Directions:
All lines up to and including the one that contains "1. 春节期间参每日充值任意金额领取奖励" are to be transcribed exactly, starting from the first line of the records.

Data to examine:
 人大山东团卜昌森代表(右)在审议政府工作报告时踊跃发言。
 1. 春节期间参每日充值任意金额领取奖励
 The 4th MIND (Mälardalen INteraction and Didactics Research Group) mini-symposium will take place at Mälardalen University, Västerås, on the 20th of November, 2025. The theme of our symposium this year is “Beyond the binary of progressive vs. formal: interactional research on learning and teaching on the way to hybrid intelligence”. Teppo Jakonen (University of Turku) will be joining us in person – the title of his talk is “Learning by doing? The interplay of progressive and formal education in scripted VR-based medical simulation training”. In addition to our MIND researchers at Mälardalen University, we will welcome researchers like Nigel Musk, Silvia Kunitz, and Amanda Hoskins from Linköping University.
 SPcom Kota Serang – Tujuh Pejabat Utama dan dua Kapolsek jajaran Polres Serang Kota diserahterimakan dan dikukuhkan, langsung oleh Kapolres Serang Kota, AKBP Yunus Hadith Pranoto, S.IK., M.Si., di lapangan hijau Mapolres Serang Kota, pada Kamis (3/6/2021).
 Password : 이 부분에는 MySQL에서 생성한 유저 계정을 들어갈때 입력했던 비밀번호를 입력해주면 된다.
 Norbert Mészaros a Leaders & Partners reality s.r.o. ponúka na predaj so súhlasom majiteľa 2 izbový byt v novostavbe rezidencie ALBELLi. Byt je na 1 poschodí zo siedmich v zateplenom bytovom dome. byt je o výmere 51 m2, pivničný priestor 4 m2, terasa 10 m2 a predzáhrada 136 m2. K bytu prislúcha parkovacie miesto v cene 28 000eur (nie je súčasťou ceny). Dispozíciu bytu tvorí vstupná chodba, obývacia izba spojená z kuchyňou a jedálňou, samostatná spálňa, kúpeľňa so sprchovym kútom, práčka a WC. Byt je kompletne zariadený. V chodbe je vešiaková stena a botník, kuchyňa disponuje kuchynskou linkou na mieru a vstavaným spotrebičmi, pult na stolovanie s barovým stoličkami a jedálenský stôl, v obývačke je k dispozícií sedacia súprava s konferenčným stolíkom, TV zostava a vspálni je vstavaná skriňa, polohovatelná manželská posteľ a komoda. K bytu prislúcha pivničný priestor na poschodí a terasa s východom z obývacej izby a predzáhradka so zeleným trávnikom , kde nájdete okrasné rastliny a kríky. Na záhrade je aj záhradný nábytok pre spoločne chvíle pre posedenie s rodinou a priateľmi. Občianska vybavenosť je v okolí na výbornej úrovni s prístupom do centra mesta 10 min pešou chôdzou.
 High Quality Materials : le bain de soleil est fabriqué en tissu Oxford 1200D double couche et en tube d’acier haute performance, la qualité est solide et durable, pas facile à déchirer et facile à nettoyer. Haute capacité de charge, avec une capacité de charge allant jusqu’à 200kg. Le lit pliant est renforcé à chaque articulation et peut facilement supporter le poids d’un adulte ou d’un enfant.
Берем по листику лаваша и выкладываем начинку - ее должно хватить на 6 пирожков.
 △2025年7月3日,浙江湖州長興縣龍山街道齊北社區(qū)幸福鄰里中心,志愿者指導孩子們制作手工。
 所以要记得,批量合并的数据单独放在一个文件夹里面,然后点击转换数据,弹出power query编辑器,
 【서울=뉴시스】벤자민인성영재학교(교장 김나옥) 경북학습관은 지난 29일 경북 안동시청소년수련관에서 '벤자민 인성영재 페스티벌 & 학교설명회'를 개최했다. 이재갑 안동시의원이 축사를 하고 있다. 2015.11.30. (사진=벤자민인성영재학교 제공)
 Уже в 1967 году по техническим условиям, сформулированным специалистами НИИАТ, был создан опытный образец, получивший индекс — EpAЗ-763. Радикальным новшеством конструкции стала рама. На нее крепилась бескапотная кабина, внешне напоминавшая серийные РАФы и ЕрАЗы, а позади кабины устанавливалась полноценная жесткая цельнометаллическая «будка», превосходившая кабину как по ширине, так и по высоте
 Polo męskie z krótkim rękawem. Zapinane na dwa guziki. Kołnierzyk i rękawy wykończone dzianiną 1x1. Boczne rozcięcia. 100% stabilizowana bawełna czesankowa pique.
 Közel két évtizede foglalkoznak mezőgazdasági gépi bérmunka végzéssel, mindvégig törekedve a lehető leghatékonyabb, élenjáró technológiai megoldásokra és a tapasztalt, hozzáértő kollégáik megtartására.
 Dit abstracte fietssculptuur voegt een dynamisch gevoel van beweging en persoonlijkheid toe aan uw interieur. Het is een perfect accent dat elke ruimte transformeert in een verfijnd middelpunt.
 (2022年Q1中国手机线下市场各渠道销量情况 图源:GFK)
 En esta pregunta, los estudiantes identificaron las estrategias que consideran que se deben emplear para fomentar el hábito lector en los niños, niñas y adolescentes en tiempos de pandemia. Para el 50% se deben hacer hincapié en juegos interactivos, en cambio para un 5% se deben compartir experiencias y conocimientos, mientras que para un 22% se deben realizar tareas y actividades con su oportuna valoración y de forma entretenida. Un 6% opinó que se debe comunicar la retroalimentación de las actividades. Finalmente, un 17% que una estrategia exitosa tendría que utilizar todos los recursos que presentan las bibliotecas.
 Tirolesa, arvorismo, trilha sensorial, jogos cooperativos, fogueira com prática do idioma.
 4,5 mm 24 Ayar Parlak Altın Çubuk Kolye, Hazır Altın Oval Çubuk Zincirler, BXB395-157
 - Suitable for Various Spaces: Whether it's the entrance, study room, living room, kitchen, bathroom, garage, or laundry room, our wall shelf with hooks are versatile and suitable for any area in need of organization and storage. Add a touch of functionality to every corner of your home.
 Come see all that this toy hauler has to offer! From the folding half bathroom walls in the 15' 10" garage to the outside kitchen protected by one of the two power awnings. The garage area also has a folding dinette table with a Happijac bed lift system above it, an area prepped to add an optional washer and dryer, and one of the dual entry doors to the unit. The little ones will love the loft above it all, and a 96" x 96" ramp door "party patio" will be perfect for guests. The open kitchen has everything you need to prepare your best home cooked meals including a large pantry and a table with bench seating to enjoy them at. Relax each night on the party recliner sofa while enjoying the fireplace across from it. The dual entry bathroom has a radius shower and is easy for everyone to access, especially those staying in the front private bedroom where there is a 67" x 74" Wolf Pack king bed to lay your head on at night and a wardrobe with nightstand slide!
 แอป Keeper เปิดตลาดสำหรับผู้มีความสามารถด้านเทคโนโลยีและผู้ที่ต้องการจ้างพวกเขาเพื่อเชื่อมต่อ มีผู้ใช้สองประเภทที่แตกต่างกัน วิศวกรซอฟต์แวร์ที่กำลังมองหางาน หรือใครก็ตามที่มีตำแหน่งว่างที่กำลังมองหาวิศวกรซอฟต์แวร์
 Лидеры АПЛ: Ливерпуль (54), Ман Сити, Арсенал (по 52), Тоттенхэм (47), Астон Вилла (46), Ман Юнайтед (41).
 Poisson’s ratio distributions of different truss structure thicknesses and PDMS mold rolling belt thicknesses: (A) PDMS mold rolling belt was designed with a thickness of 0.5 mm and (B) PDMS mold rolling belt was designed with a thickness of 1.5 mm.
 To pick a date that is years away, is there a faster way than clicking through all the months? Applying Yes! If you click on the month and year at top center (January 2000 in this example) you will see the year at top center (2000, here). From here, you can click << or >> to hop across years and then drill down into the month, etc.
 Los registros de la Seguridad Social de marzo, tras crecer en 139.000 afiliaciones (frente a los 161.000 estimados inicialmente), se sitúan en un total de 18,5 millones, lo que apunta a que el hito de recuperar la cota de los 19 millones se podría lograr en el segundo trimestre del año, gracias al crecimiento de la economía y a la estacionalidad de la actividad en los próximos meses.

Result for this task:
 人大山东团卜昌森代表(右)在审议政府工作报告时踊跃发言。
 1. 春节期间参每日充值任意金额领取奖励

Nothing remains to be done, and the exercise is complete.